[Excerpted data — start]

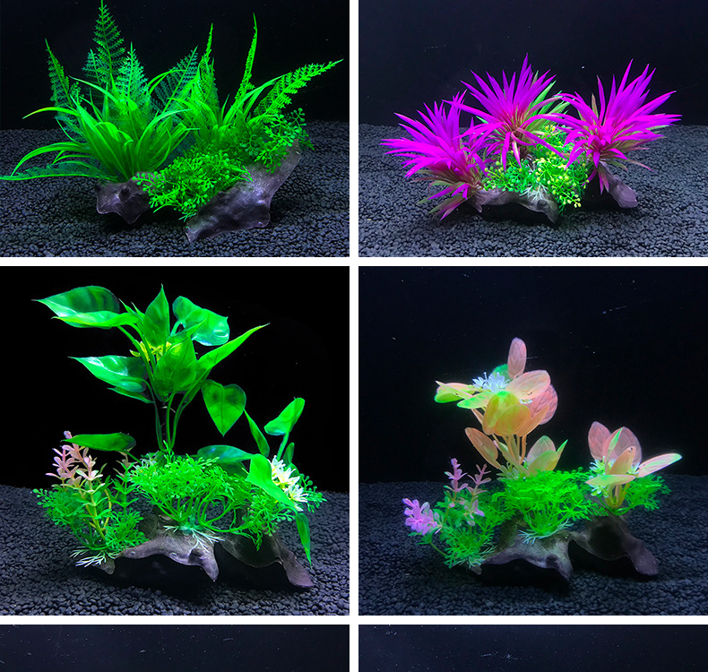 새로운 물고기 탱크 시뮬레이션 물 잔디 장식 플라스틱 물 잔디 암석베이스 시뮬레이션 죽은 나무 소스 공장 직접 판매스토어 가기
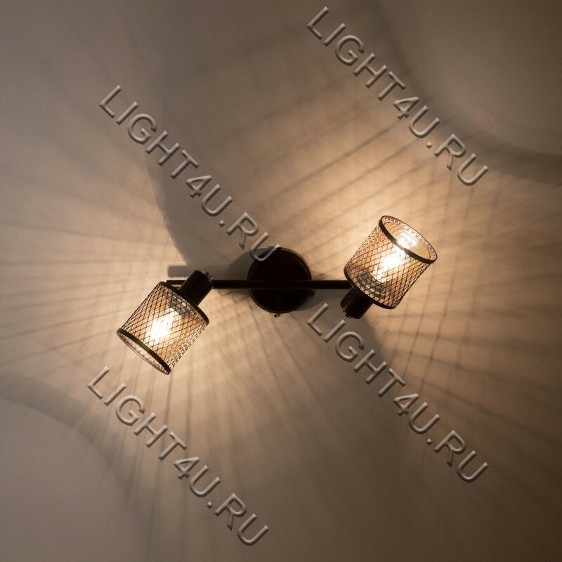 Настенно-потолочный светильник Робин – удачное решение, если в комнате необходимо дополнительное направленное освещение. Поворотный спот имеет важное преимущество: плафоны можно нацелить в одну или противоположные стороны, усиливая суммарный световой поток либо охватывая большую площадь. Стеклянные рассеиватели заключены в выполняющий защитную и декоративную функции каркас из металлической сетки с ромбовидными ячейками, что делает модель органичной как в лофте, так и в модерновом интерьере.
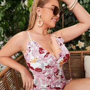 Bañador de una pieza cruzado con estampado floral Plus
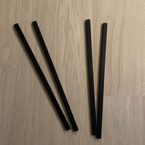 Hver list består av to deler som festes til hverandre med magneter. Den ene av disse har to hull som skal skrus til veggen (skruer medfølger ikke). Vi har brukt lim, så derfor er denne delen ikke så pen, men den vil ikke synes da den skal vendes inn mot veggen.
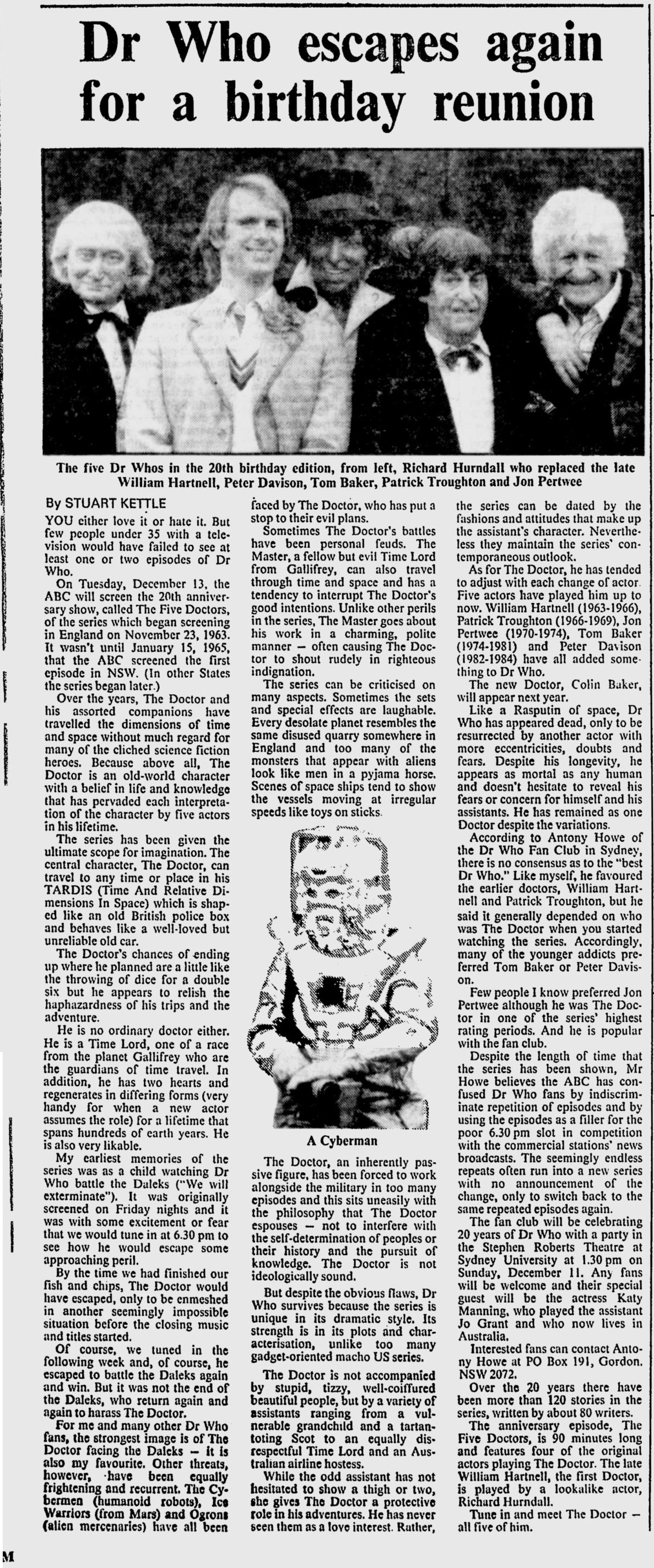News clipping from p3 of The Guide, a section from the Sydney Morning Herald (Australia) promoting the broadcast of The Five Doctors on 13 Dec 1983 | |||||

[Excerpted data — finish]
[Excerpted data — start]

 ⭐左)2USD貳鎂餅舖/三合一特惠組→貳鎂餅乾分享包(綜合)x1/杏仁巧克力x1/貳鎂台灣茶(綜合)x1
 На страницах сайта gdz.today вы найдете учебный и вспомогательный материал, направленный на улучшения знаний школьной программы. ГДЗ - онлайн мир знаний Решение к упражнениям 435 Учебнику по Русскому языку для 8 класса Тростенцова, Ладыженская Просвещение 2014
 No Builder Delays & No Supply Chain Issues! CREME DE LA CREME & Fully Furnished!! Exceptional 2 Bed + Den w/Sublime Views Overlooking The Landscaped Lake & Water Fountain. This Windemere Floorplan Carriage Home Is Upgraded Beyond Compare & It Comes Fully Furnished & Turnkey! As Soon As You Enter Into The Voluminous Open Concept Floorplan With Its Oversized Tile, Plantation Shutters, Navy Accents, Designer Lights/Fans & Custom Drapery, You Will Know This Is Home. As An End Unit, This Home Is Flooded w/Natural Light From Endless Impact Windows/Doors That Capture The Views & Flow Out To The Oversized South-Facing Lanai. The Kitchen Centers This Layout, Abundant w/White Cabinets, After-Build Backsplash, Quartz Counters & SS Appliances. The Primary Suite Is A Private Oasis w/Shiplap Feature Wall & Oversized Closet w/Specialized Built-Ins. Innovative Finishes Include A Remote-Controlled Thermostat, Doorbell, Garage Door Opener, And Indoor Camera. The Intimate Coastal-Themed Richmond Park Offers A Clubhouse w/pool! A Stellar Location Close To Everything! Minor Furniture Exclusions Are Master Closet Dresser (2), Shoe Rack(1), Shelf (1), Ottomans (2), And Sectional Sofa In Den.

[Excerpted data — finish]
[Excerpted data — start]

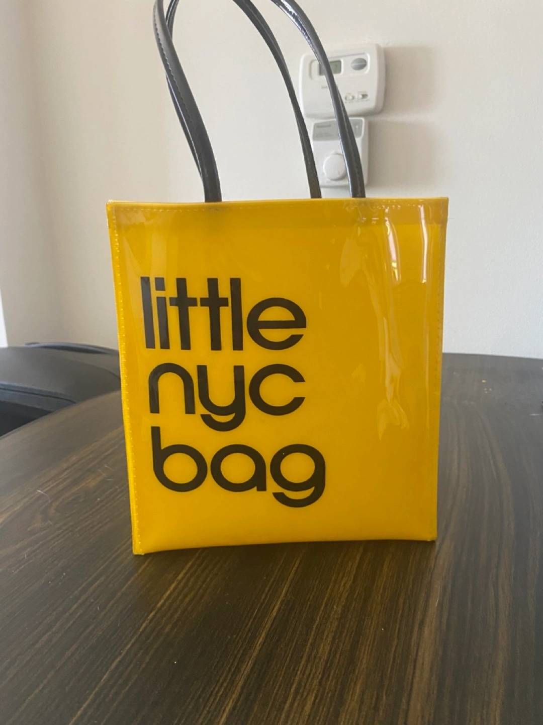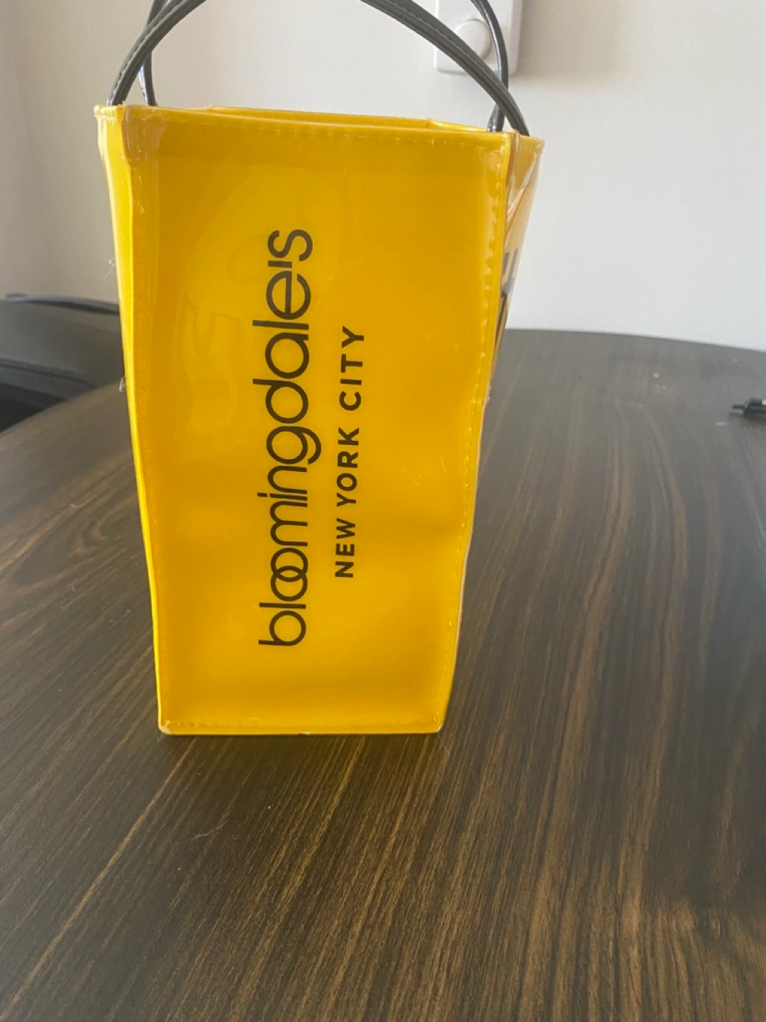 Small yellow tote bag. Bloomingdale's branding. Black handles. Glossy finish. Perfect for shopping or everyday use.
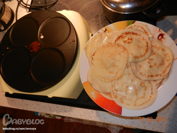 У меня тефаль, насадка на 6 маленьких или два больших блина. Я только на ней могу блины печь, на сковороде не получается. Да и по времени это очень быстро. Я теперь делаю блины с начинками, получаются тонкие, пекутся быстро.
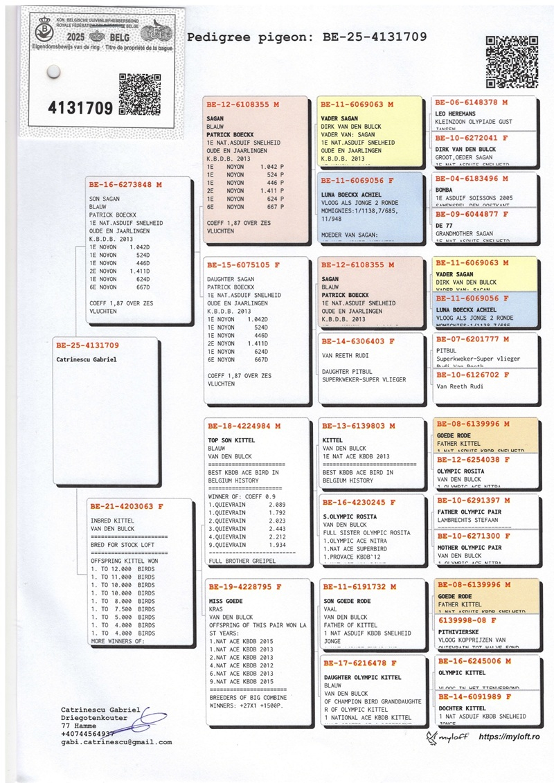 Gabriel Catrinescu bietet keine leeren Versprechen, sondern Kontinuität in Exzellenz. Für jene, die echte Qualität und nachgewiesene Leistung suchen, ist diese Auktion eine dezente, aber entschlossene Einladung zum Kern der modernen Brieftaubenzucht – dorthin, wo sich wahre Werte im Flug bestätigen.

[Excerpted data — finish]

Aim of the task >> From the material above, reproduce only what runs from the line holding "Bañador de una" down to the line holding "News clipping from", both included, pictures excluded.

Solution to the exercise >>
 Bañador de una pieza cruzado con estampado floral Plus
 Hver list består av to deler som festes til hverandre med magneter. Den ene av disse har to hull som skal skrus til veggen (skruer medfølger ikke). Vi har brukt lim, så derfor er denne delen ikke så pen, men den vil ikke synes da den skal vendes inn mot veggen.
News clipping from p3 of The Guide, a section from the Sydney Morning Herald (Australia) promoting the broadcast of The Five Doctors on 13 Dec 1983 | |||||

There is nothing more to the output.